What to work on — Transcribe the listing below word for word but skip its images.

----------------

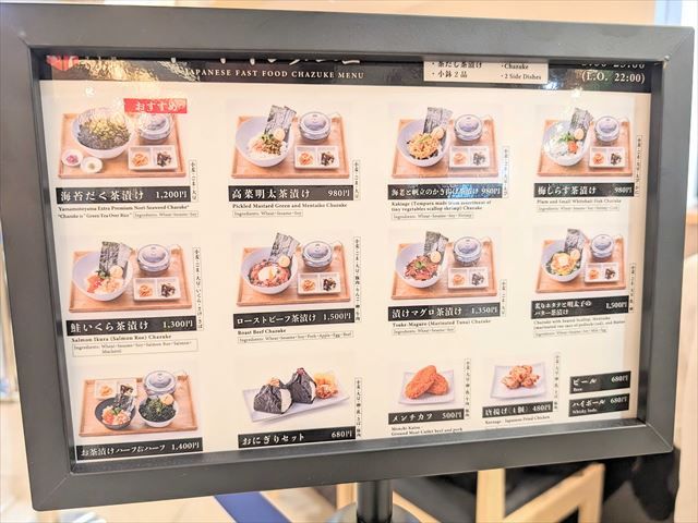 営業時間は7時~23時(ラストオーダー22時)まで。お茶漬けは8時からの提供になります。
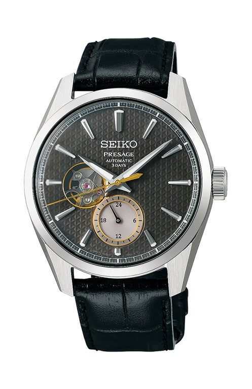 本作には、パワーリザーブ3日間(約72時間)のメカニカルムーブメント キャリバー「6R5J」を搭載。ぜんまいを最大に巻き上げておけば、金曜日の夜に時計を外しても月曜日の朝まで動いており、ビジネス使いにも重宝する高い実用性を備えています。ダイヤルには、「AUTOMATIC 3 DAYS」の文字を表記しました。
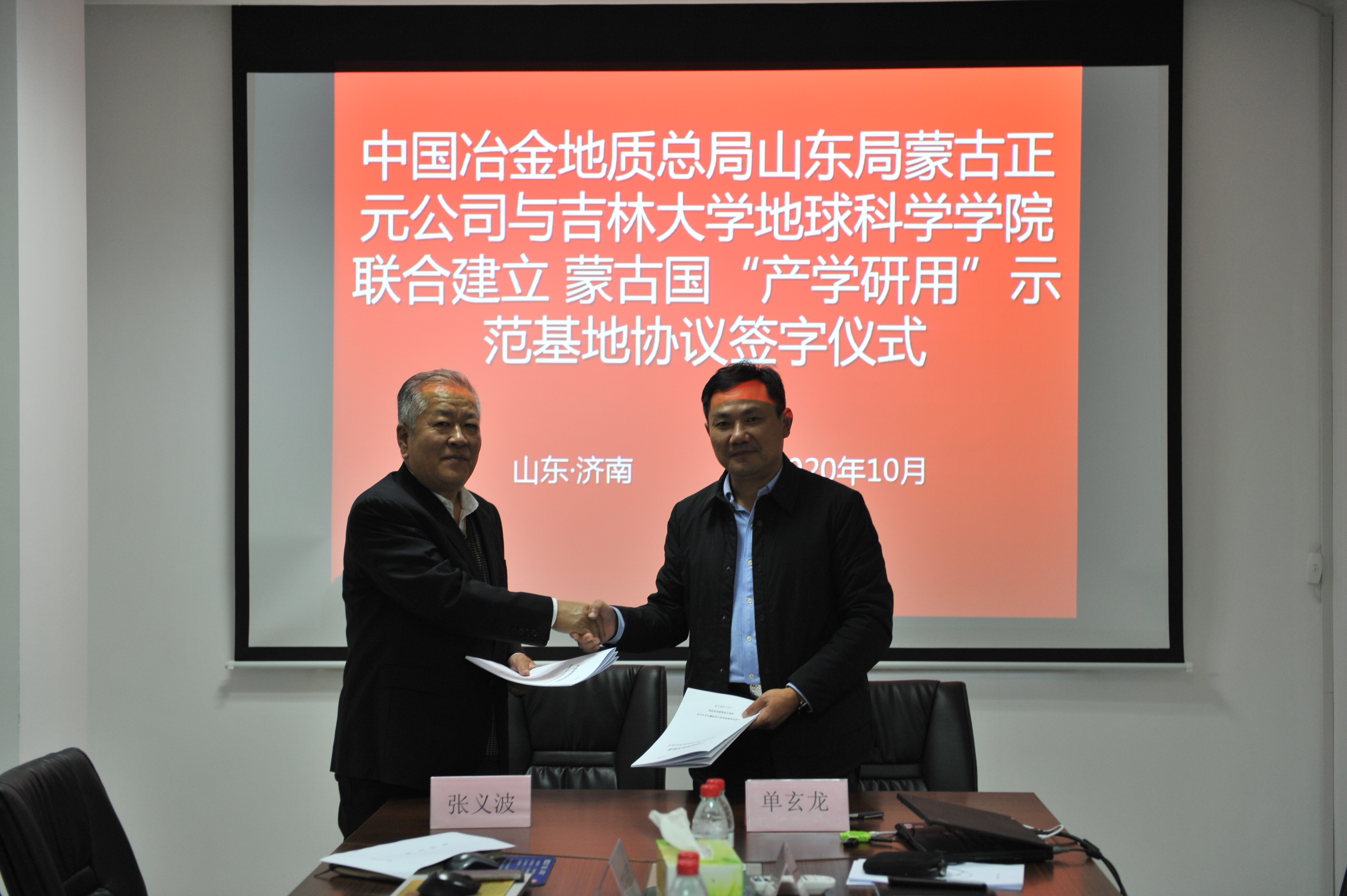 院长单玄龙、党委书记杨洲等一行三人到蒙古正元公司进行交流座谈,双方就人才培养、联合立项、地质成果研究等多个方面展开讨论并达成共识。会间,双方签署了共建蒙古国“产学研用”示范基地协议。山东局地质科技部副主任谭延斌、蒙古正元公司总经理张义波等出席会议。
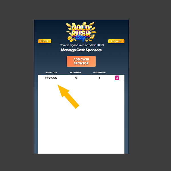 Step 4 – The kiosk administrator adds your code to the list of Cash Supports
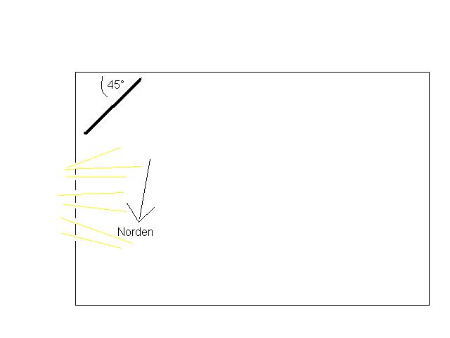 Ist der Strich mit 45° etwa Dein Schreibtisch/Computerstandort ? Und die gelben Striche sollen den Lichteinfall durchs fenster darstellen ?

----------------

Exercise answer —
 営業時間は7時~23時(ラストオーダー22時)まで。お茶漬けは8時からの提供になります。
 本作には、パワーリザーブ3日間(約72時間)のメカニカルムーブメント キャリバー「6R5J」を搭載。ぜんまいを最大に巻き上げておけば、金曜日の夜に時計を外しても月曜日の朝まで動いており、ビジネス使いにも重宝する高い実用性を備えています。ダイヤルには、「AUTOMATIC 3 DAYS」の文字を表記しました。
 院长单玄龙、党委书记杨洲等一行三人到蒙古正元公司进行交流座谈,双方就人才培养、联合立项、地质成果研究等多个方面展开讨论并达成共识。会间,双方签署了共建蒙古国“产学研用”示范基地协议。山东局地质科技部副主任谭延斌、蒙古正元公司总经理张义波等出席会议。
 Step 4 – The kiosk administrator adds your code to the list of Cash Supports
 Ist der Strich mit 45° etwa Dein Schreibtisch/Computerstandort ? Und die gelben Striche sollen den Lichteinfall durchs fenster darstellen ?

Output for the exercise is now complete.